Il celebre ballerino e coreografo statunitense racconta a Hot Corn il ruolo dei festival come luogo di dialogo e riflessione sullo stato della danza in Italia.

VENEZIA – Tra gli eventi collaterali della 82ª Mostra Internazionale d’Arte Cinematografica di Venezia c’è stato spazio anche per un protagonista della danza internazionale: Garrison Rochelle, ballerino e coreografo statunitense noto al grande pubblico italiano per la sua lunga carriera televisiva e teatrale.

Intervistato dal nostro Dario Cangemi, Garrison ha condiviso la sua visione sull’attuale stato di salute della danza in Italia, sottolineando come la disciplina sia ancora alla ricerca di un riconoscimento pieno, non solo come forma d’intrattenimento, ma come arte capace di raccontare storie e di dialogare con altre espressioni creative.

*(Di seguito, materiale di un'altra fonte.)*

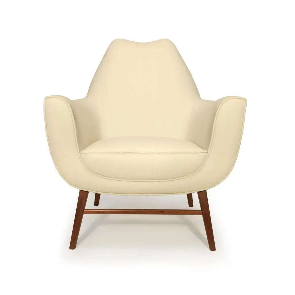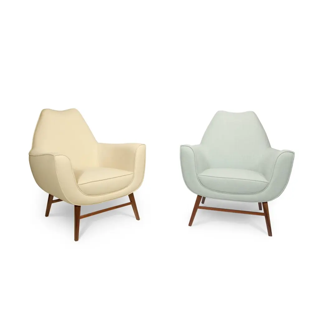 Western is a captivating armchair that recreates the image of an old cowboy hat standing in a saddle rack.The top of the armchair performs the concave hat with rounded tabs and the band around it turns into a comfortable cushion. The base in walnut approaches the structure and color of the saddle rack.Having a modernist inspiration at a fist sight, the Western armchair is a piece that stands out in the upholstery design by bringing history into the projects of the most adventurous interior designers.Product detailsUpholstery: the price shown refers to the piece without any fabric (the client must provide it). If you're looking for the price of the piece with the fabric shown on the image, please search the product name without the "COM".Legs: structure in walnut finished in half gloss varnish.COM: 4.5m 176.96 in. (Standard width 140cm 55 in.)Product optionsUpholstery: Client's Own Material.Legs: other veneers, natural, aged or degrade gold/silver/copper leaf or any Ral Classic color finished in matt, half gloss or high gloss varnish.Weight 20Kg 44.1 lbsMade to order. Custom sizes and other finishes are available under request. Designed by Joana Santos Barbosa for InsidherLand, 2015. Handmade in Portugal.

Il coreografo ha poi evidenziato l’importanza dei festival come Venezia, dove il confronto diretto con altri artisti diventa un momento di crescita reciproca, capace di stimolare nuove idee e collaborazioni. Un aspetto che, secondo Garrison, è fondamentale soprattutto per i giovani talenti che oggi cercano di affermarsi in un panorama competitivo e in continua evoluzione.

La sua testimonianza ha riportato l’attenzione su un tema spesso marginale nei grandi eventi cinematografici: la danza come linguaggio universale che unisce culture e generazioni, e che può trovare proprio nei festival uno spazio privilegiato per emergere e farsi ascoltare.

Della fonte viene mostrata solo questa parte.